No! God doesn’t make mistakes. No one is born by accident. No one. God doesn’t create someone then say, “Oops! Why did I make her a girl?” God intricately fashioned each of us. He knew exactly what He was doing when He formed us. As He penned our story, He knew the qualities necessary to fulfill His plan. The One who created us–the One who formed our inward parts–knows the specific purpose He has for us, and it is with that specific purpose in mind He created us. God knows us more than we know us.

This girl my friend knows and those in similar circumstances to her are not mistakes; they are masterpieces. They were created by God for God. They are beautifully complex. In fact, we as people created by God are all beautifully complex. Each of us is unique. Each of us is a purposeful creation of our Creator. This means a female is meant to be a female, regardless of whether or not she chooses to act that way according to society’s standards.  A male is meant to be a male, regardless of whether or not he chooses to act that way according to society’s standards.

This little girl my friend knows, and all those individuals who may be struggling to figure out who they are, have been designed beautifully complex and for a specific purpose. Not one of them is a mistake. I fully believe God can and will use a little girl’s love of all things boy as well as her feminine identity to impact the world for His glory.  She doesn’t need to change who she is; she needs to be who she is.  And my prayer is that those who love her will speak such words of life into her heart so she may know she was designed complex and intricately by a God who loves her intimately.  She is valuable; she is a gift. And she is not mistake; she’s a masterpiece.

So my prayer today, and I hope it will become yours as well, is that every individual will see their worth and their value from God’s perspective–that they will realize and know God doesn’t make mistakes. God is more than able to and will use every aspect of our personalities–even the “unconventional” traits–for His good pleasure.

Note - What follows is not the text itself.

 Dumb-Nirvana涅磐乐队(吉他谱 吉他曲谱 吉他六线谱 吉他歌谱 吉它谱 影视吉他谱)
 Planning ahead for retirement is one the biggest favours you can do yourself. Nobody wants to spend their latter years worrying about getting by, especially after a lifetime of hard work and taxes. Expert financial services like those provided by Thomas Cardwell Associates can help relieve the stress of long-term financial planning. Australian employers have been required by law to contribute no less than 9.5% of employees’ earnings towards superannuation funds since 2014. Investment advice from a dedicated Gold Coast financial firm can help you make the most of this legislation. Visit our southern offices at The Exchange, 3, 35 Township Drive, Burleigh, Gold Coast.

No one is a mistake; everyone is a masterpiece. And this includes you.  You are a masterpiece, my friend. You are a beautifully complex masterpiece. God did not make a mistake when he created you, when he formed you, or when he fashioned you. God knew exactly who he wanted you to be, and He designed you with that purpose in mind.

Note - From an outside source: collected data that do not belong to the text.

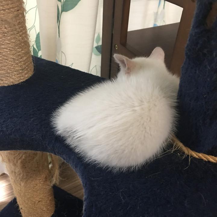 おもちちゃんの寝姿は、ふわっふわっで丸い。うちに来て1週間、お気に入りの場所が出来たらしい(^^)一方、くろまめ君は・・
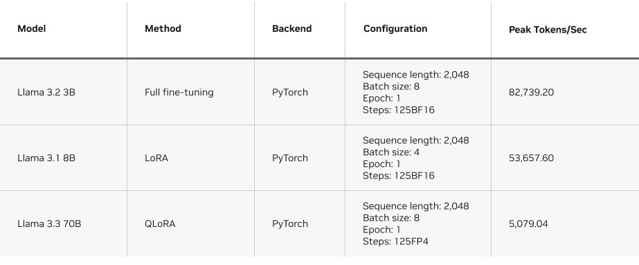The table below shows performance for fine-tuning the Llama family of models on DGX Spark.
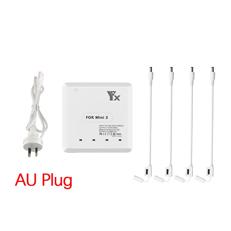 1. Продукт подходит для дрона DJI Mavic Mini 2. 2. Продукт может заряжать 4 батареи и 2 usb-интерфейса одновременно. 3. Продукт занимает около 70 минут для 4 батарей для одновременной зарядки. 4. Продукт имеет умное управление зарядным переключателем, позвольте вам беспокоиться и усилие, 5. Продукт имеет четыре вилки на выбор: штепсельная вилка США, штепсельная вилка Великобритании, штепсельная вилка европейского стандарта, штепсельная вилка австралийского стандарта. 6. Продукт имеет множественную защиту от зарядки.
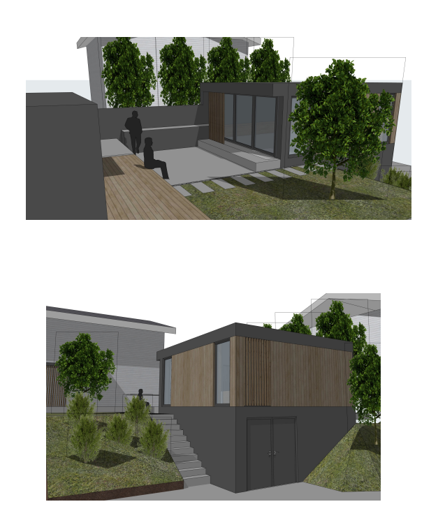 Har en bod som er bygget inn i skrånende terreng, så taket på boden flukter nesten med plenen på utsiden av huset.
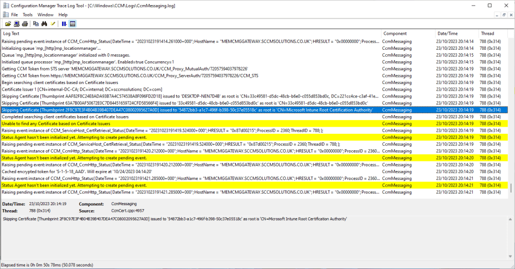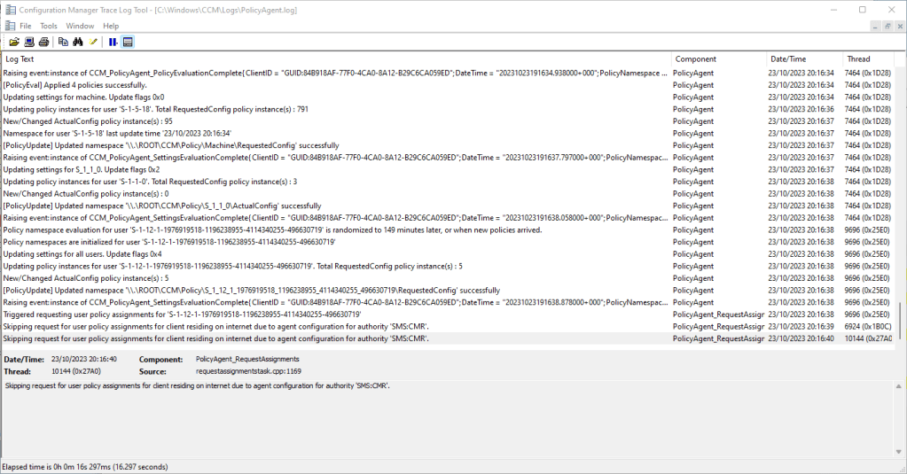 When installing the client via the CMG and the ccmsetup has completed, we can see that the client is allowed to talk to the CMG. All clients are initially allowed to communicate with the CMG, it is just policy which then dictates whether further comms can continue, as we will see. We can see the device is chatting away nicely in the CcmMessaging.log.

So today, whether or not you feel you fit into the mold of society’s standards and expectations–whether or not you live life inside or outside the box–remember whose you are: You are God’s. God created you, God loves you, and God will never let you go. He’s got plans for you, my friend–plans beyond your understanding, beyond your comprehension, yet full of hope and full of promise. You are special. You are unique. And you are loved. Don’t change who you are. Be who God designed you to be: fearfully and wonderfully made.